Это была радикальная позиция в австрийских условиях не только потому, что она предполагала трансформацию традиционной структуры альянсов, но и потому, что она основывалась на новом типе рассуждений, опирающихся не на династический авторитет и традиции, а на "естественные интересы" государства, определяемые его геополитическим положением и насущными потребностями безопасности на его территории.30 Кауниц был единственным участником дебатов на Тайной конференции 1749 года, который занял такую позицию; остальные, все старше его, уклонились от его крайних выводов. Однако Мария Терезия решила принять именно точку зрения Кауница, и он был отправлен для работы над французским союзом в качестве посла при версальском дворе. В 1753 году он был назначен государственным канцлером, ответственным за внешнюю политику Габсбургской монархии. Силезский шок, таким образом, вырвал внешнюю политику Габсбургов из паутины предположений, в которую она была традиционно вплетена.

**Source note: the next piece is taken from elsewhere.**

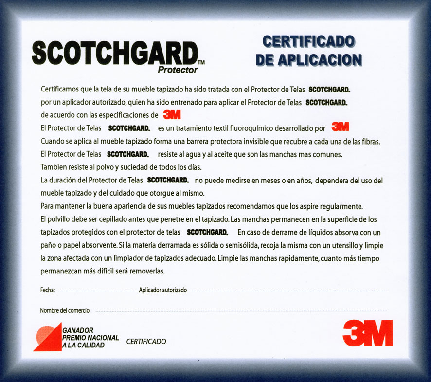 AL FINALIZAR LOS TRABAJOS SE ENTREGA UN CERTIFICADO DE APLICACION DEL PROTECTOR DE TELAS SCOTCHGARD (Ver Certificado)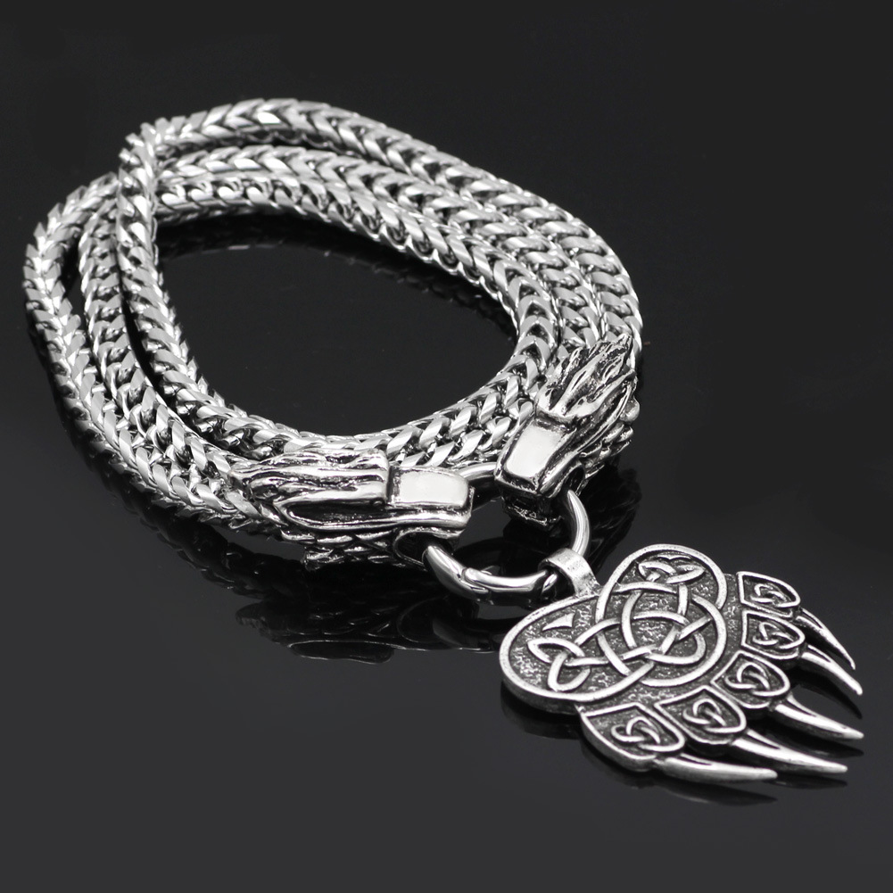 Nordic Viking Guardian Totem Bear Claw Titanium Steel Men’s Necklace

Последовавшая за этим Семилетняя война (1756-63) произошла потому, что австрийские и русские расчеты оказались вплетены в эскалацию глобального конфликта между Великобританией и Францией. В 1755 году произошли стычки между британскими и французскими войсками на отдаленных водных равнинах долины реки Огайо. В то время как Лондон и Париж вновь вступили в открытую войну, король Великобритании Георг II стремился предотвратить нападение Пруссии, союзницы Франции, на Ганновер, родину короля в Германии. Подобно тому, как французы использовали шведов для угрозы Бранденбургам в Померании в начале 1670-х годов, теперь британцы предложили финансировать развертывание русских войск и флота вдоль границ Восточной Пруссии. Детали были изложены в Санкт-Петербургской конвенции, которая была согласована (но еще не ратифицирована) в сентябре 1755 года.
Фридрих II был глубоко встревожен этой угрозой на его восточной границе - он хорошо знал о русских замыслах в отношении Восточной Пруссии и всегда был склонен переоценивать силу России. Отчаянно пытаясь ослабить давление на восточную границу, он заключил с Великобританией любопытное бессрочное соглашение - Вестминстерскую конвенцию от 16 января 1756 года. Англичане согласились отозвать свое предложение о субсидиях русским, и два государства решили предпринять совместные оборонительные действия в Германии в случае, если Франция нападет на Ганновер. Это был поспешный и непродуманный шаг со стороны Фредерика. Он не потрудился посоветоваться со своими французскими союзниками, хотя должен был догадаться, что этот непредвиденный договор с традиционным врагом Франции приведет в ярость версальский двор и толкнет французов в объятия Габсбургов. Панический рефлекс Фридриха в январе 1756 года показал слабость системы принятия решений, которая зависела исключительно от настроения и восприятия одного человека.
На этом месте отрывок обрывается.